その頃、はるか上空にいるメタルザウルスは人間たちの無駄な努力を見下ろしていた。確かに地上に残してきた戦力では押し返され、駆逐されようとしている。だが、それは1割にも満たない戦力。それでようやく押し返せる程度の戦力しかない。本命の部隊は信二たちが山に登る前日の夜間に海にあるもう一つのワープホールから上空へと移動していた。
「……………………?」
肌を撫でられるかのような感覚。どうやらこの高度まで届くレーダーが人間たちにもあったようだ。バレてしまったのであればステルス状態で待機する必要はない。海中の部隊と連絡を取り、海と空。二方向から人間たちが出てくるゲートへと波状攻撃を仕掛けるのであった。
「EX-06、それは本当なの!?」
「はい。上空と海中にそれぞれ100機以上の機体を確認。こちらに向かっています」
スタンピードが確認されたことで、恐竜ダンジョンに突入したリョウコがしたのは敵の位置確認であった。カケルからの情報をもとに、本命の部隊をEX-06の探知能力ならあぶりだせるはずだと考えたからだ。

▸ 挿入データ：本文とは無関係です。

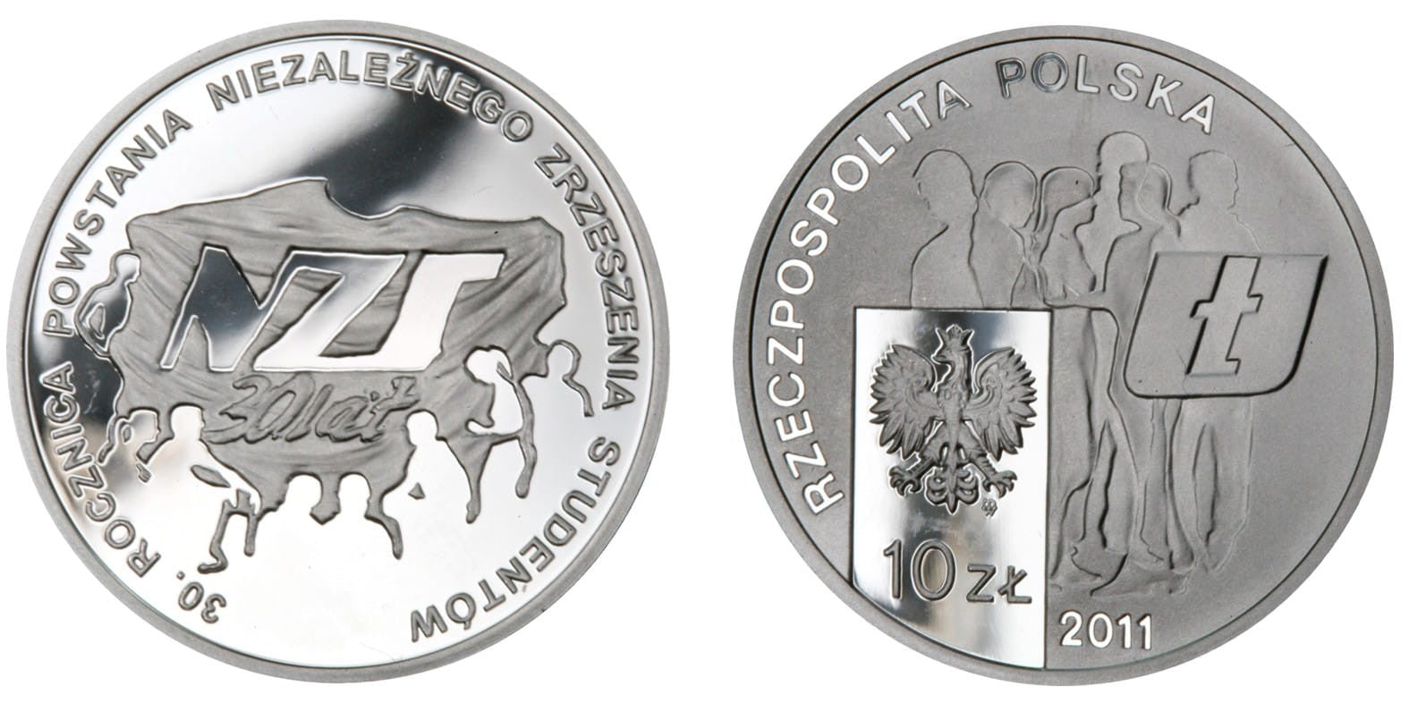 Awers: Z lewej strony, na wyodrębnionej płaszczyźnie, wizerunek orła ustalony dla godła Rzeczypospolitej Polskiej, a pod nim napis: 10 ZŁ. Po prawej stronie orła, u dołu, oznaczenie roku emisji: 2011. Centralnie, stylizowane wizerunki sześciu postaci. Na ich tle, z prawej strony, wizerunek logo Uniwersytetu Łódzkiego. U góry, półkolem napis: RZECZPOSPOLITA POLSKA. Pod lewą łapą orła znak mennicy: MW.
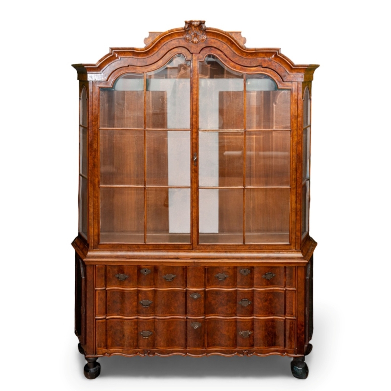 in burr veneer with three drawers and two doors in the lower section and display cabinet in the upper section
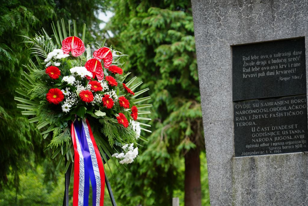 Polaganjem vijenaca i paljenjem svijeća odana je počast svima koji su tijekom Drugog svjetskog rata ustali protiv fašizma i totalitarizma.
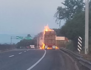 El incidente ocurrió a la altura de la localidad de Corral Falso, donde el remolque de la unidad de carga pesada comenzó a arder. Las llamas rápidamente consumieron parte de la estructura, lo que obligó a detener por completo el tránsito en la vialidad.
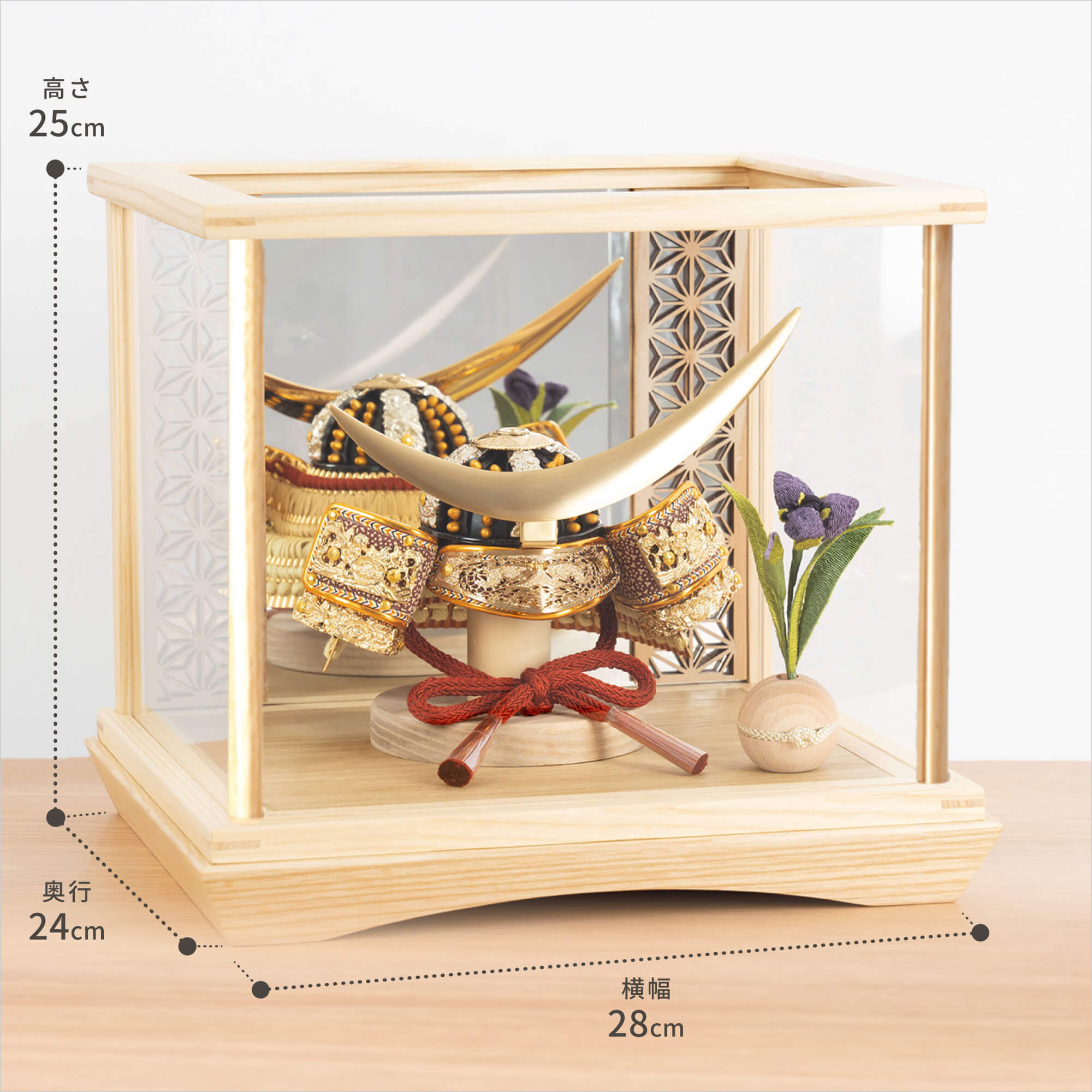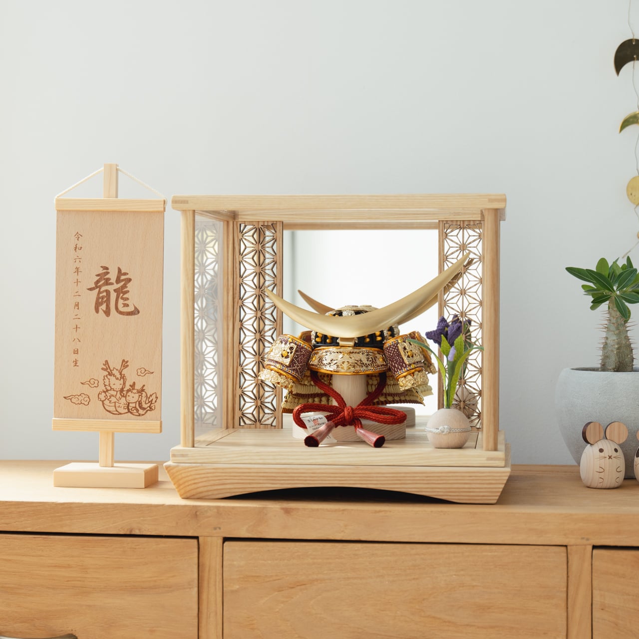 精巧な戦国兜の凛として強く美しい佇まいを天然木の優しいぬくもりが包み込む・・・まるで男の子の成長を温かく見守る家族の様に・・・そんなコンセプトから生まれた兜は、てづくり工房「木都」と甲冑工房「悠雅」のコラボレーションから生まれました。親しみやすく、お子様と一緒に飾れるKOTO×悠雅コラボ兜です。※ 細かい部品が含まれています。3歳未満のお子様は、保護者の方と一緒にお遊びください。選び抜いた素材と手間をかけた技法でつくる兜鉢選び抜いた素材と手間をかけた技法でつくる兜鉢KOTO×悠雅コラボ兜の兜鉢は、伝統的な本式の合せ鉢という技法でつくられています。本式の合せ鉢とは、戦国時代に頭部を守るために考案され、三角状の鉢部品を重ね合わせ、多数の星鋲をカシメる事で強度を高める技法です。選び抜いた素材と手間をかけた技法でつくる「庇」選び抜いた素材と手間をかけた技法でつくる「庇」兜の裏側にあたる庇は、甲州印伝革を使用し伝統的な技術で1つ1つ手作りで丁寧に作られています。選び抜いた素材と手間をかけた技法でつくる「小札」選び抜いた素材と手間をかけた技法でつくる「小札」小札は、細かい天然繊維である本物の絹糸を使用した正絹で結び合わせ繋げております。伝統的な兜をモダンに仕上げたシンプルなデザイン伝統的な兜をモダンに仕上げたシンプルなデザイン伝統的な製法で作られた兜に天然木の素材を活かしたシンプルなデザインの兜です。モダンでシンプルなデザインは、どんなお部屋の雰囲気にもピッタリ。コンパクトでちょうどいいサイズコンパクトでちょうどいいサイズ今どきのおうちに合わせたコンパクトなサイズに仕上げました。飾るスペースが狭くなりがちなマンションや子ども部屋にもぴったり。健やかな成長への願いを込めた麻の葉文様健やかな成長への願いを込めた麻の葉文様古来からの日本伝統の吉祥文様である麻の葉文様。麻の丈夫さ・成長の早さにあやかり、お子さまの健やかな成長への願いが込められています。兜の由来〜伊達正宗兜の由来〜伊達正宗妙見信仰という宗教は星や月、太陽などを神とあがめていました。伊達はその中でも月派で三日月にした理由は戦の邪魔にならないようにといわれています。ケースでも手にとって欲しいこだわりの兜ケースでも手にとって欲しいこだわりの兜木都のケース飾りは、本物の素材や質感を感じながら親子で一緒に手に取って飾る体験をしてほしいから、あえて飾る手間を残しています。手間はかかりますが、伝統的な技法で一つひとつ手づくりしています。お子さまの感性を育む天然木へのこだわりお子さまの感性を育む天然木へのこだわり素材には、タモ、ブナといった天然木を使用。お子さまへの一生に一度の贈り物だから、木都は自然素材の天然木にこだわり続けています。※ 生産時期により使用する素材が一部変更になる場合がございます。熟練の職人による確かな手仕事熟練の職人による確かな手仕事伝統工芸の技術を受け継ぐ日本国内の熟練の職人が、一つひとつ丁寧に手づくりしています。おしゃれなギフト包装でお届けしますおしゃれなギフト包装でお届けします和の雰囲気を感じさせる越前和紙のギフト用ラッピングでお届け。料金がわかるものもお入れしていないので、そのまま贈り物として利用できます。商品レビュー記入でもれなくもらえる天然木のミニ名前札プレゼント商品レビュー記入でもれなくもらえる天然木のミニ名前札プレゼントミニサイズのお名前札 (通常販売価格1,980円) をプレゼント♪商品到着後、商品レビューをご記入の上、商品と同梱のチラシ記載のQRコードから応募フォームへ必要事項をご入力ください。店舗よりレビュー特典を発送いたします。※ お名前札の生年月日の表記は和暦となります。(例:令和七年)商品のご注文へ収納方法とセット内容兜・鍬形・芯木・菖蒲・ケース素材:タモ重量:2,120g (兜のみ 200g)サイズ:W280mm × D240mm × H250mm梱包時:W340mm × D280mm × H275mm兜のみ:約 W150mm × D110mm × H150mm収納方法鍬形は専用袋に入れ、兜は風呂敷に包みます。その他の部品は不織布に入れ収納してください。兜置きの下台とポールは組み立ててご利用ください。兜などを保管する箱は木のケースに入れて収納することが出来ます。注意事項甲冑について飾り付ける際に必ず手袋をご使用ください。錆や変色などの予防にもなります。本品の上には絶対に乗らないでください。本品または本品の部品は装飾品です。他の目的に使用しないで下さい。部品には小さなものがございます。お子様がお口に入れないようにご注意いください。木製品について色合いなど実際のものと写真とでは多少の誤差が生じる場合がございます。また、手作りであり天然木を使用している為、多少の仕様の変化や風合いがひとつひとつ異なります。あらかじめご了承ください。部品には小さなものがございます。お子様がお口に入れないようにご注意いください。

その結果、メタルザウルスの大部隊の感知とダンジョン全域のジャミングによる通信妨害が発生。これでは、探索者たちと連携取ることすらままならない。
「知らせることができたのは救いだけど……」
「僕、皆のところに戻ります。【加……」
カケルが走ろうとしたとき、上空から無数のメタルザウルスたちが降下してくる。自分たちの後ろには現実世界に繋がるゲート。退くことは出来ない。こうなれば、メタルザウルスを倒すしかないと、剣を強く握りしめる。そんなとき、ブラックの転移で冥土隊の5人が戻ってくる。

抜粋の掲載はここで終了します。